REQUIREMENT -
All that should be output is the block of lines below from the line with "Horses hauling frozen" to the line with "技と感性を磨いた「麺職人たち", both included, exactly as written.

EXERCISE DATA -
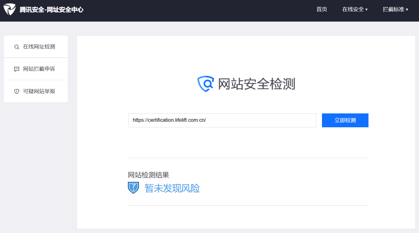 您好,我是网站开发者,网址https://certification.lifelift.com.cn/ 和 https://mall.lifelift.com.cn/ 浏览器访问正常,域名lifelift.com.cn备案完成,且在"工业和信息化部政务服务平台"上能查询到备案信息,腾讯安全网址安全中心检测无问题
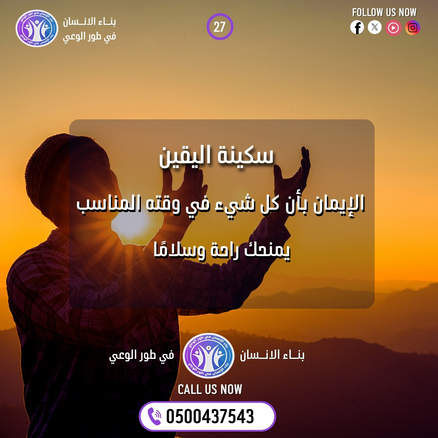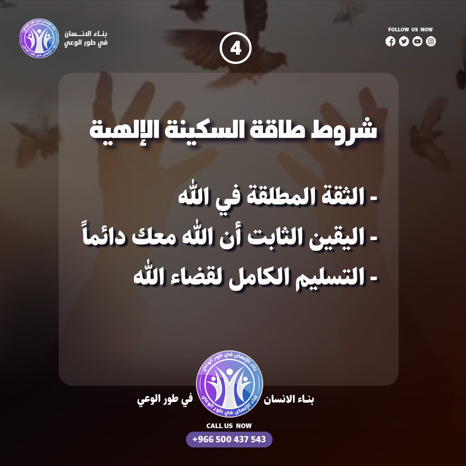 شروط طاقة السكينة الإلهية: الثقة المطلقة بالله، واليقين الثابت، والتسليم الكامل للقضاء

--

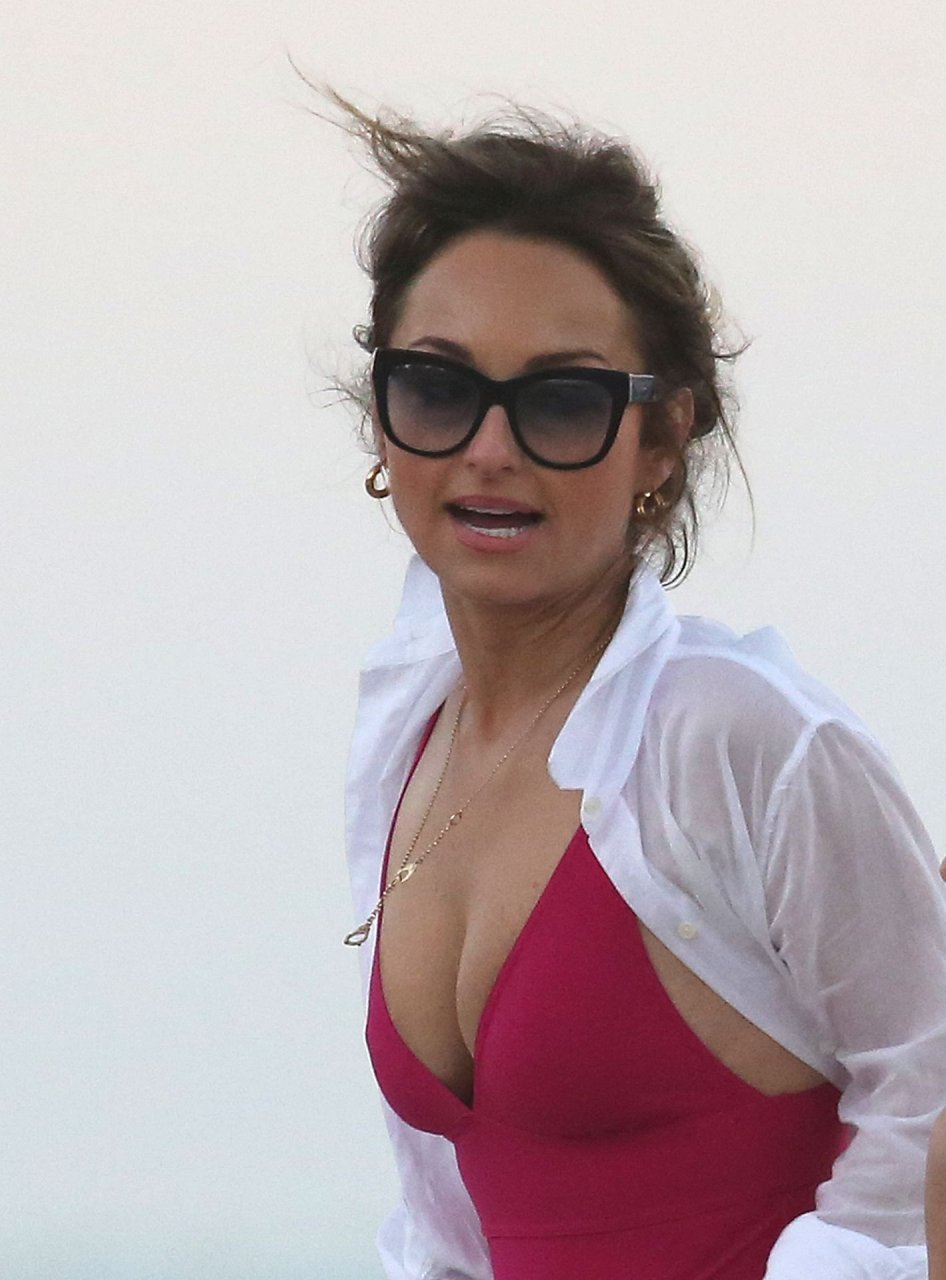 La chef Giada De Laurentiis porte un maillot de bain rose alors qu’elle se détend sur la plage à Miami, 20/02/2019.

---

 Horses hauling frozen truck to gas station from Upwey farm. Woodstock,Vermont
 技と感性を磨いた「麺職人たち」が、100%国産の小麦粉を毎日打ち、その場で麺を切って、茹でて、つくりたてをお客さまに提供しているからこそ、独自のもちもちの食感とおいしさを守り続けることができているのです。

TASK ANSWER -
 Horses hauling frozen truck to gas station from Upwey farm. Woodstock,Vermont
 技と感性を磨いた「麺職人たち」が、100%国産の小麦粉を毎日打ち、その場で麺を切って、茹でて、つくりたてをお客さまに提供しているからこそ、独自のもちもちの食感とおいしさを守り続けることができているのです。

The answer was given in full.